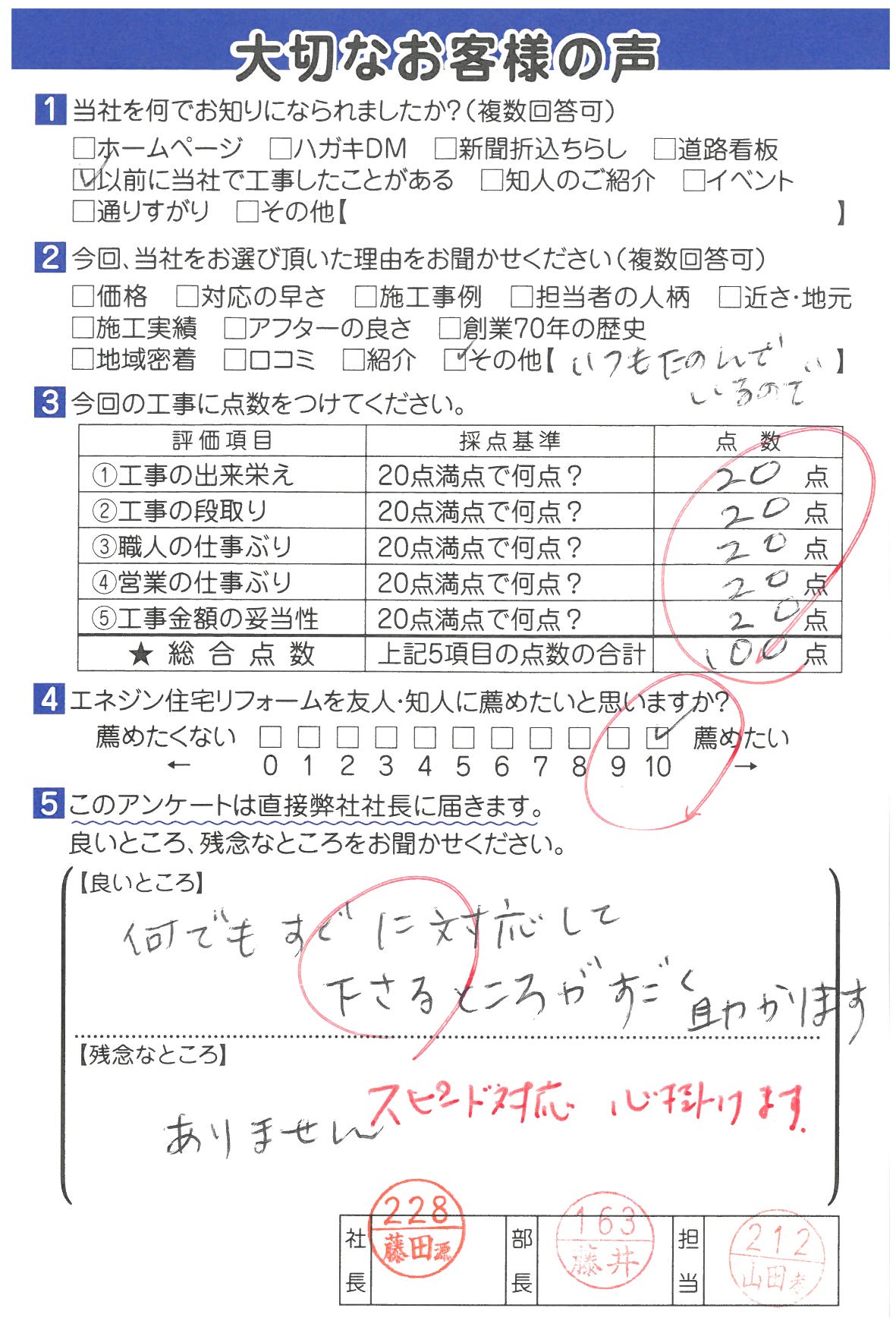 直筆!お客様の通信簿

=======

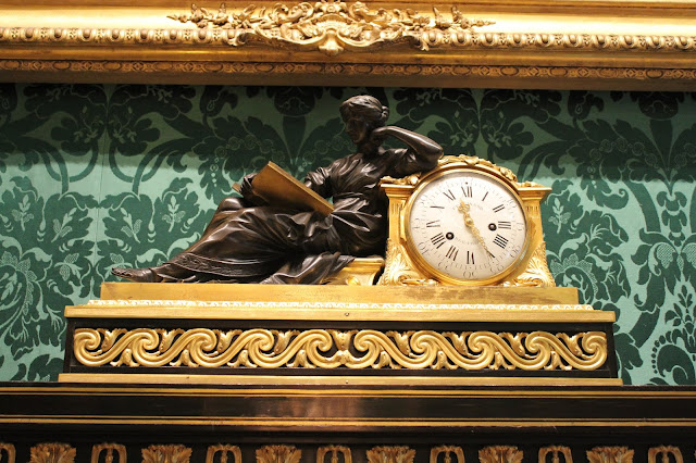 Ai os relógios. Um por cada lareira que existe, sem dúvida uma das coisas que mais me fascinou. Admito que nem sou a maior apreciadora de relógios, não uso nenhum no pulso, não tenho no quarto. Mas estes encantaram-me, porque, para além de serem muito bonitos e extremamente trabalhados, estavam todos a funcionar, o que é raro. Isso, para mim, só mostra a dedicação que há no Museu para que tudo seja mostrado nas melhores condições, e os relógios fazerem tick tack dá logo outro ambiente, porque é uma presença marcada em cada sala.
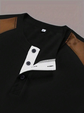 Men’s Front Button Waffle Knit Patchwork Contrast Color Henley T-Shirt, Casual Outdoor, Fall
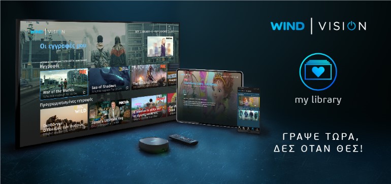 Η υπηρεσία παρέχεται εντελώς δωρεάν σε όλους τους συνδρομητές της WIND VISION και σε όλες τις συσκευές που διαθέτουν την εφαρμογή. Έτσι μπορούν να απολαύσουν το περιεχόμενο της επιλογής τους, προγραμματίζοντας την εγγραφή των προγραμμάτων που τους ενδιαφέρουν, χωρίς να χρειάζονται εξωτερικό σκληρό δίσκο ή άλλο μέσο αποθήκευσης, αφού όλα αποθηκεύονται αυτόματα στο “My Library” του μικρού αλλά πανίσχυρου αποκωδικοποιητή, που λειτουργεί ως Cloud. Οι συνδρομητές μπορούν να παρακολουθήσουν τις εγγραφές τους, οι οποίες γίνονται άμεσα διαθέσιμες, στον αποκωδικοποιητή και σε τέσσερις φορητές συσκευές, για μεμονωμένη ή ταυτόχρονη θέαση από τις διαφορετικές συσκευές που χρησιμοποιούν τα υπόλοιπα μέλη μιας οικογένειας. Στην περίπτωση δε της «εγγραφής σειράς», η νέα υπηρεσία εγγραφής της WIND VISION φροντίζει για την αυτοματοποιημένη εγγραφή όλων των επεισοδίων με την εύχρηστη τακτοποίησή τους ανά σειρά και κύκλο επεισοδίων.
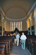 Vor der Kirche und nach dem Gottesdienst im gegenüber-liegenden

=======

The task: Return exactly the stretch above whose first line contains "Η υπηρεσία παρέχεται" and whose last line contains "Vor der Kirche", and nothing outside it. The pictures should not appear.

Answer to the exercise:
 Η υπηρεσία παρέχεται εντελώς δωρεάν σε όλους τους συνδρομητές της WIND VISION και σε όλες τις συσκευές που διαθέτουν την εφαρμογή. Έτσι μπορούν να απολαύσουν το περιεχόμενο της επιλογής τους, προγραμματίζοντας την εγγραφή των προγραμμάτων που τους ενδιαφέρουν, χωρίς να χρειάζονται εξωτερικό σκληρό δίσκο ή άλλο μέσο αποθήκευσης, αφού όλα αποθηκεύονται αυτόματα στο “My Library” του μικρού αλλά πανίσχυρου αποκωδικοποιητή, που λειτουργεί ως Cloud. Οι συνδρομητές μπορούν να παρακολουθήσουν τις εγγραφές τους, οι οποίες γίνονται άμεσα διαθέσιμες, στον αποκωδικοποιητή και σε τέσσερις φορητές συσκευές, για μεμονωμένη ή ταυτόχρονη θέαση από τις διαφορετικές συσκευές που χρησιμοποιούν τα υπόλοιπα μέλη μιας οικογένειας. Στην περίπτωση δε της «εγγραφής σειράς», η νέα υπηρεσία εγγραφής της WIND VISION φροντίζει για την αυτοματοποιημένη εγγραφή όλων των επεισοδίων με την εύχρηστη τακτοποίησή τους ανά σειρά και κύκλο επεισοδίων.
 Vor der Kirche und nach dem Gottesdienst im gegenüber-liegenden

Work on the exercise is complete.